ここでは特集記事の一部 【家庭再建を軸にした子供政策を】 についてご紹介します。
心有る議員・有識者の尽力によって、子ども政策を一元化するために新しく作る組織の名称が「こども庁」から「こども家庭庁」になりました。本記事は「こども家庭庁」になる以前の「こども庁」という名称で設置を進めていた時点に執筆した記事となっていますが、子供を巡る政策に「家庭」の文字が入る重要性を訴える内容となっています。このことを踏まえて、ぜひご一読ください。
今回の衆院選では、当初、選択的夫婦別姓や同性婚に対する姿勢が大きな争点の一つとされていた。
しかし、NNNの出口調査を見ると、これら「ジェンダー平等」に関わるアジェンダが、それほど大きな関心事ではないことが明らかになった。
最も重視した政策として上位を占めたのは景気対策やコロナ対応、子育てなど、より現実的な課題で、「ジェンダー平等の推進」を挙げたのは最も多い10代でも8・3%と1割に満たず、30代以上では0・6〜2・5%と極めて少数にとどまった。
特殊な事情で苦しむ「当事者」の事情が強調される一方で、婚姻・家族制度が持つ意味や、それが崩れた時の悪影響については一切語られない。
メディアはさかんに「伝統的な家族」から「多様な家族」への時代の変化を強調するが、「家族は大切だ」と考える国民は多いのだ。
衆院選で夫婦別姓に唯一、賛意を示さなかった自民党は絶対安定多数を確保した。
政治家、専門家は家族の重要性を強調したり、「家庭再建」を叫ぶことに躊躇する必要はない。
子供の幸福と家庭再建は切り離せない
その意味で最も懸念されるのが、子供を巡る政策の方向性だ。
問題は、これらの議論の中核に来るべき「家庭再建」が不当に軽視されていることだ。
象徴的なのが「子ども庁」という名称それ自体だ。
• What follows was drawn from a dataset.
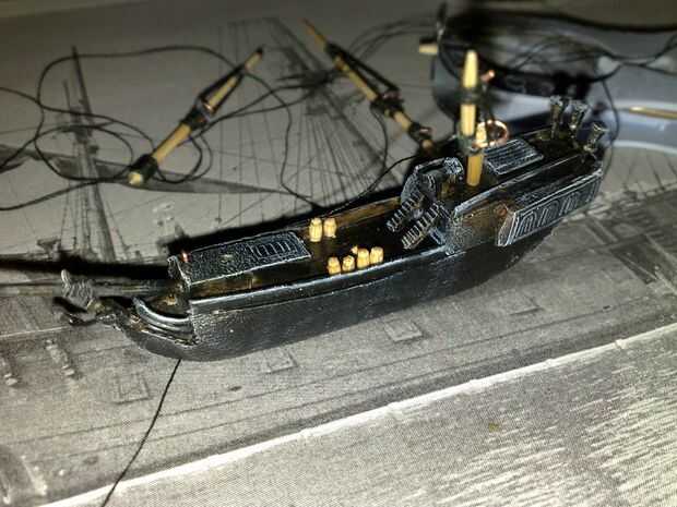 Tenga en cuenta lazos de alambre de cobre minúsculos donde pasaré estancias hilo de cada mástil.

当初は「子ども家庭庁」という名称だったが、被虐待児にとって家庭は安全な場所ではないという理由で「家庭」の文字が削除されてしまった。
この論法は明らかにおかしい。
被虐待児にとって忌避されるべきは、虐待を生み出した歪な家庭環境であって、「家庭」そのものではない。
むしろ、彼らにとって必要なのは、親代わりとなって自らを愛情で包んでくれる新しい「家庭」だ。
子供の成育における父母や家庭の役割を軽視する左翼系の活動家が、武器として用いるのが「子どもの権利条約」だ。活動家らは同条約によって子供が「保護される対象」から「権利の主体」に変わったと主張する。
実は、この条約には当初から拡大解釈を懸念する声が上がっていた。西独(当時)は批准議定書に「子どもを成人と同等の地位に置こうというものではない」と明記し、米国に至っては「自然法上の家族の権利を侵害するもの」として批准しなかった。
日本では、増え続ける虐待や子供の貧困をひきあいに「子どもの権利」を法律に書き込んでいないことが問題だと短絡的に考えられている。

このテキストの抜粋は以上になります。